Alister McGrath’s fascinating biography, C.S. Lewis: A Life – Eccentric Genius, Reluctant Prophet, explores the forces that shaped Lewis’ life and work. McGrath describes the timeline of events that led to his subject’s conversion. One part of the story that captured my attention was how on the day he came to recognize the divinity of Christ, Lewis himself noted being especially captivated by a field of blue flowers.
“Lewis’s heightened attention to the bluebells may well reflect their symbolic association with this moment of insight – after all, Lewis tells us that he had long been a self-confessed ‘votary of the Blue Flower.’ The ‘Blue Flower’ motif in German Romanticism has complex historical roots. It was first stated in Novalis’s posthumously published fragment of a novel Heinrich von Ofterdingen (1802), and came to symbolize a longing for the elusive reconciliation of reason and imagination, the observed world outside the mind and the subjective world within. The bright blue European cornflower is often cited as an inspiration for this symbol. It is easily extended to bluebells.” (p. 154)
Before his conversion to Christianity, Lewis had struggled to reconcile the two halves of his mind. But in finding Christ, his “Blue Flower,” he finally found a way to hold both reason and imagination together.
In most Christian circles there is serious pressure to hold to a ‘blue ribbon’ faith – one that lines up sufficiently to accepted creeds and statements of faith. Now while there is certainly a place for teaching orthodoxy, what if instead of focusing our energies on striving after that ‘blue ribbon’, confirming that the faith has the stamp of approval, we were focused on becoming ‘votaries of the Blue Flower?” What if our way of discipling people was truly holistic as we helped others take up an ‘owned’ faith that was fully alive in both halves of the mind? Could we begin to think of a truly ‘blue ribbon’ faith as the kind that points towards the one found in the Blue Flower – one that fully uses reason and imagination?
Lewis was an avid walker and he spent many afternoons hiking around the English countryside. Lewis’ faith had legs, too, and he models for us a way of believing that used both legs. He used both the leg of reason and the leg of imagination to allow him to travel deep into the country of His King. So many followers of Christ, though, are unable to venture that far from home. They stumble and hop on their preferred leg of either reason or imagination.

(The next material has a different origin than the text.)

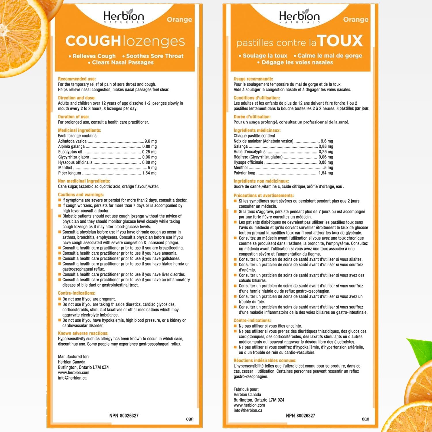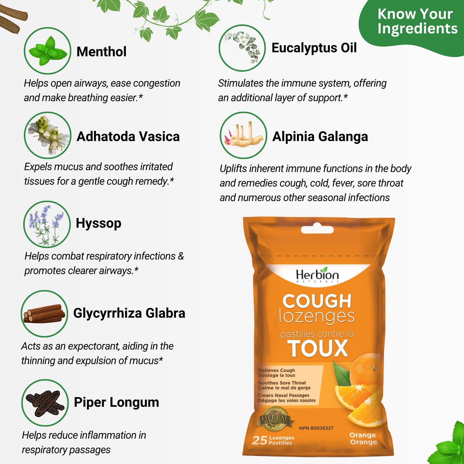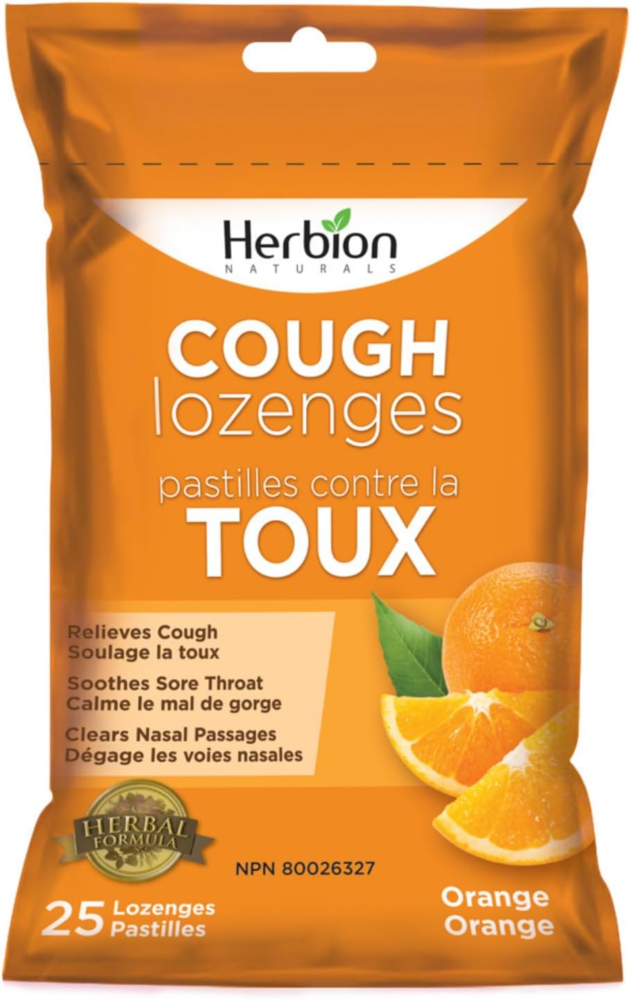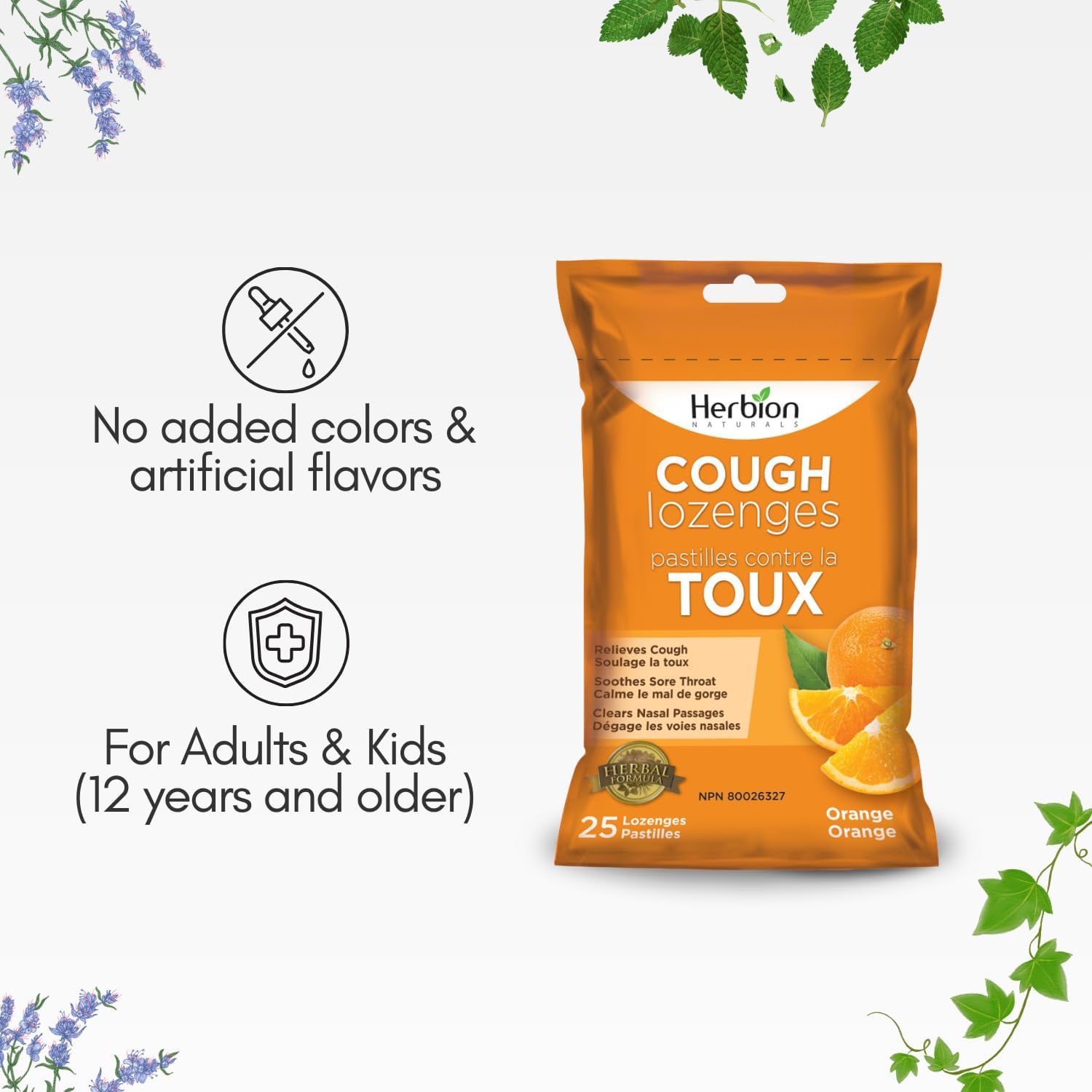 Herbion Naturals 天然橙味止咳糖,25 粒 - 缓解咳嗽、清除鼻塞、舒缓咽喉痛;适用于成人和 12 岁及以上儿童

Lewis produced well-reasoned accounts of faith that have stood the test of time like Mere Christianity and The Problem of Pain. He also gave us more imaginative works, like the Narnia series and The Great Divorce. Both kinds have shaped the minds of countless people.
So, to use another image, we could think of reason and imagination like the two blades that form a pair of scissors. If only one side is sharp, the scissors are rendered powerless. Lacking a healthy pair of blades the disciple is unable to cut through the cords that keep him or her in bondage.
When I think about the kind of faith that I want to pass on to the people around me, my hope is that they’ll find more than just the ‘blue ribbon’ of orthodoxy. I want to give expression to a faith that engages both sides of the mind and develops capacities for reason and imagination.
May God help us make fully-formed disciples, fellow devotees of the ‘Blue Flower.’